OPTIMIZING LOW-COST UAV AERIAL IMAGE MOSAICING FOR CROP GROWTH MONITORING

P. Bupathy1, R. Sivanpillai2, V. V. Sajithvariyar1, and V. Sowmya1 P. Bupathy et al.
  • 1Center for Computational Engineering and Networking, Amrita School of Engineering, Amrita Vishwa Vidyapeetham, Coimbatore, TN 641112, India
  • 2Wyoming GIS Center, University of Wyoming, Laramie, WY 82072, USA

Keywords: Precision agriculture, Drones, Aerial images, Image Alignment, Mosaics

Abstract. High spatial resolution images acquired with drones can provide useful information to farmers for devising suitable management practices and increase crop yield.
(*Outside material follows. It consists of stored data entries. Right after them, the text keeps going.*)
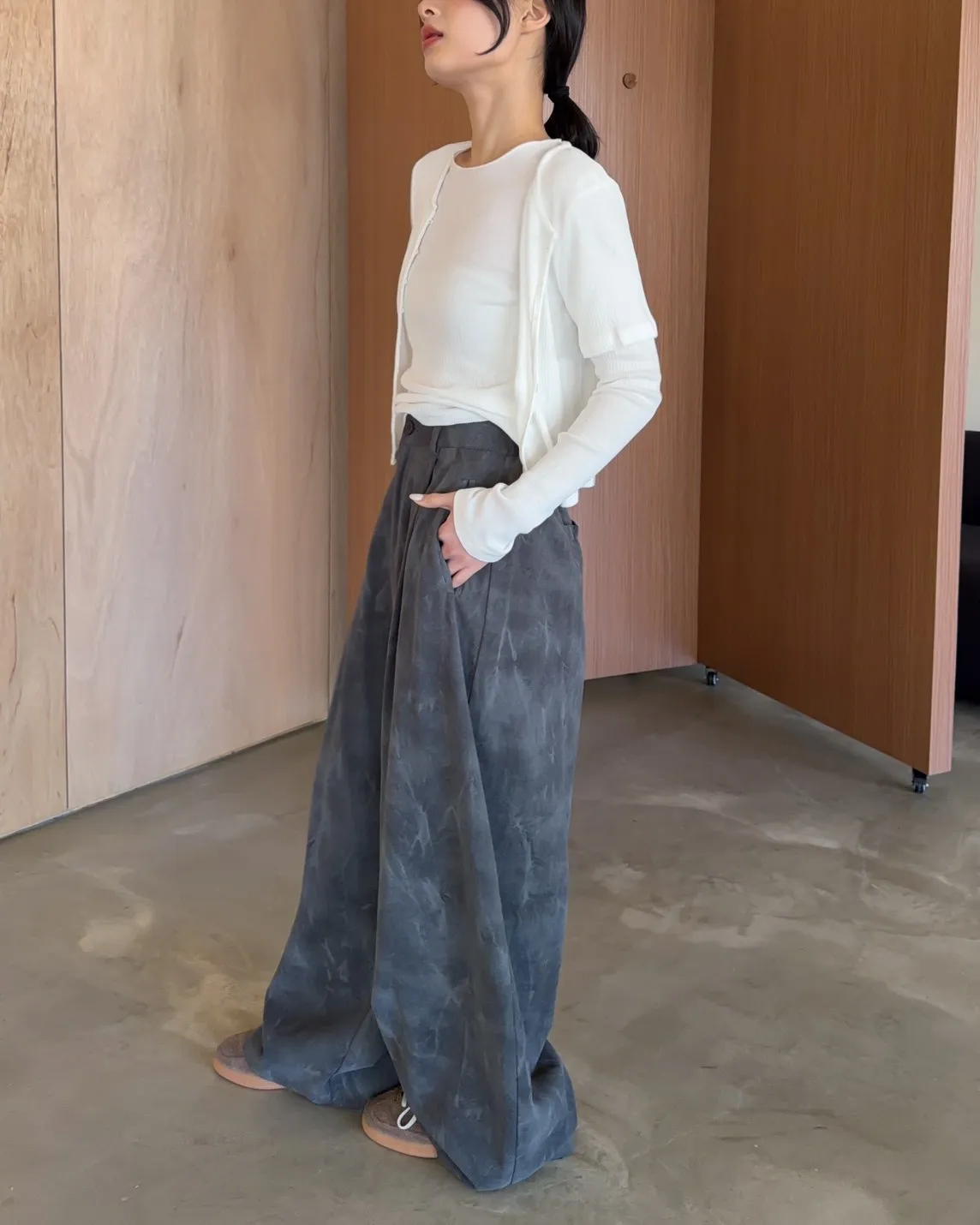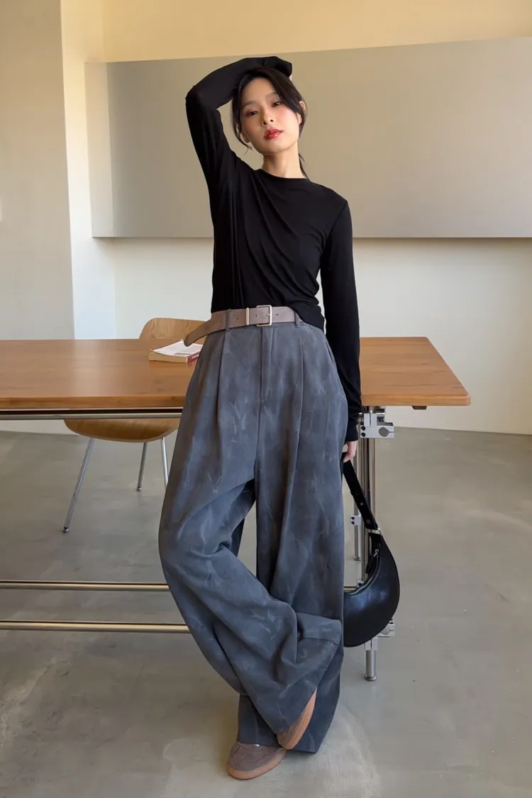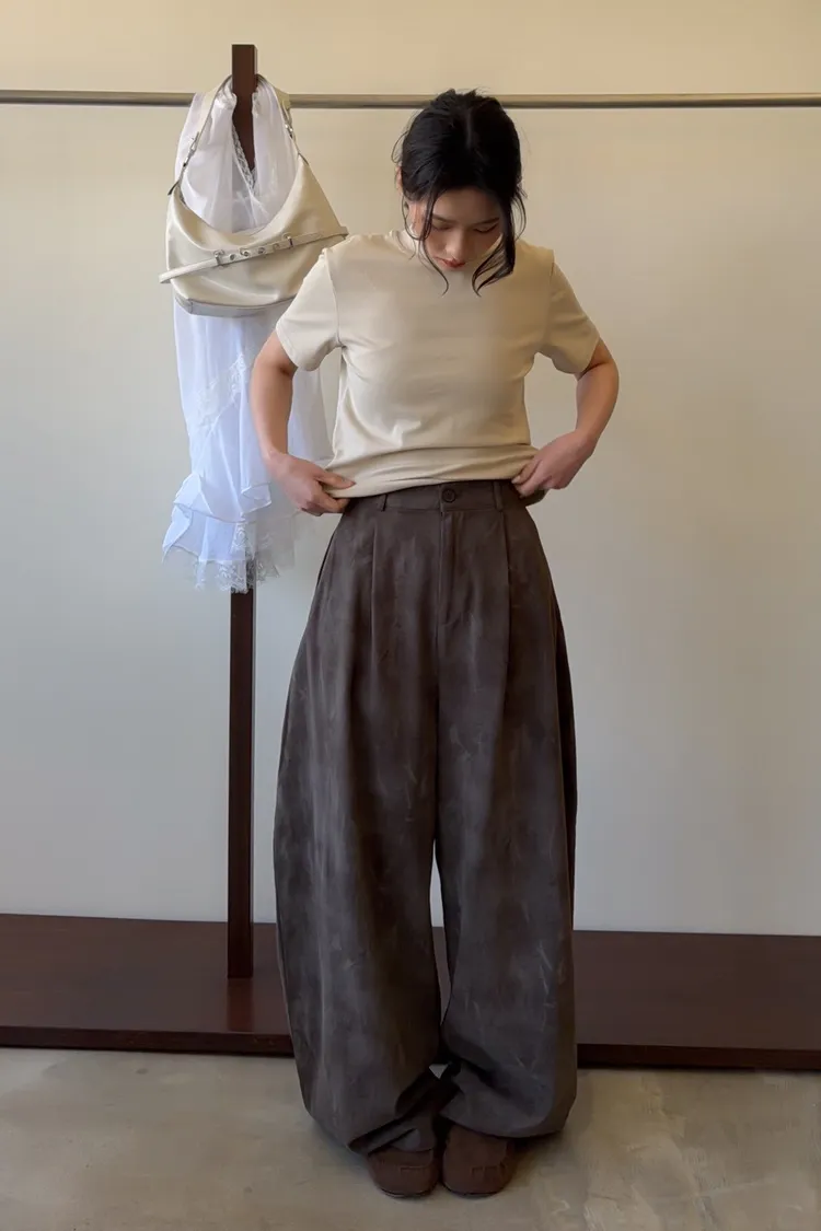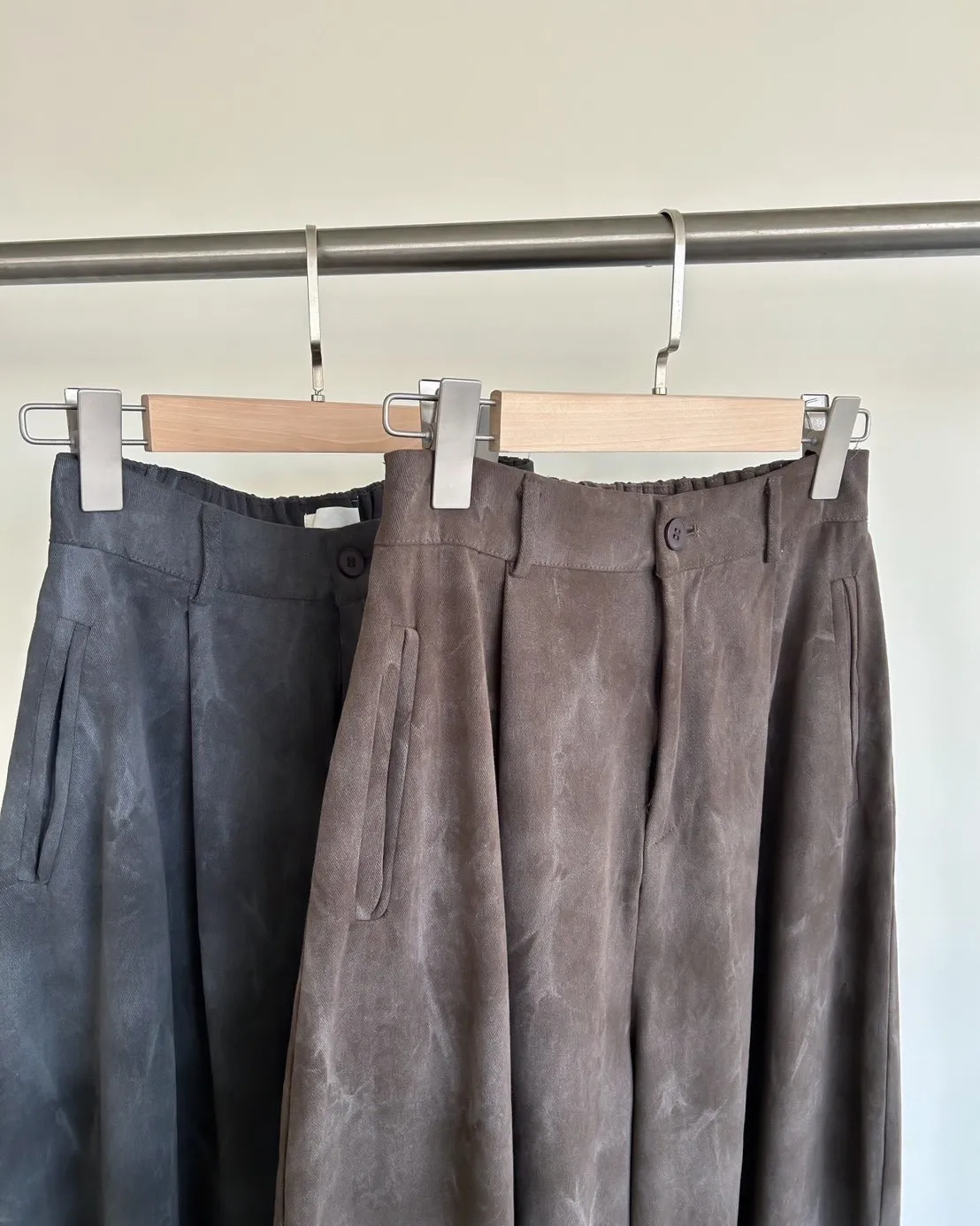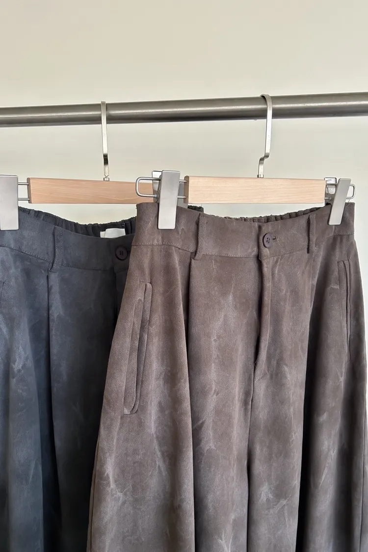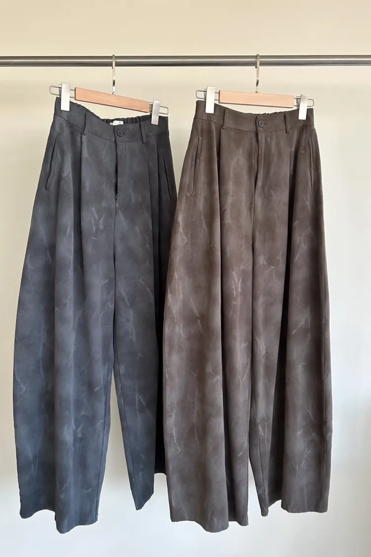 A0041煙霧淡染廓型褲(咖啡/灰)
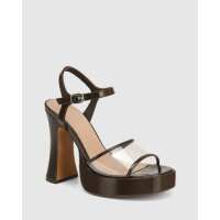 Yaslina Espresso Patent Leather Platform Heel Sandal
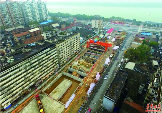 12月13日,長沙市勞動路與書院路交叉口西側(cè),地鐵3號線靈官渡站車站主體已基本成型,本月下旬將正式完工,之后將有4臺盾構(gòu)機從靈官渡站始發(fā)。目前,3號線一期工程已全面進入盾構(gòu)施工階段,全線共有9臺盾構(gòu)機參與掘進作業(yè),預計春節(jié)前下穿湘江。 記者 李健 攝
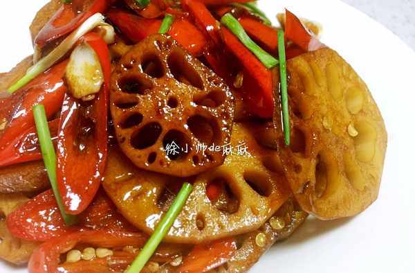 3、熱鍋熱油先將紅辣椒、蒜放進去煸炒出香味,接著將藕片放進去翻炒斷生。將糖醋汁淋倒在藕片上,和藕片翻炒均勻即可。

Data collected as individual frames or images have to be mosaiced using pattern recognition and matching process. Most flight missions collect hundreds of photos with high overlap and side overlap in order to generate mosaic without data gaps or distortion. These frames are aligned using the location information associated with each image. The same features are identified in multiple frames for generating the mosaic. In this process, it is common to use all or most of the images which requires a lot of resources. Uploading and processing hundreds of images could take several hours to days. Many farmers and crop consultants in developing countries may not have the necessary resources to upload hundreds of images. This study assessed the optimal number of images required to generate an image mosaic for a crop field without any data gaps or distortion. Images were collected at two different heights and directions. First, the mosaic was generated using all (100%) frames followed by subsets containing 90%, through 50% of images. Results obtained will assist us to plan the settings in future flight missions for acquiring optimal number of images required for generating image mosaic.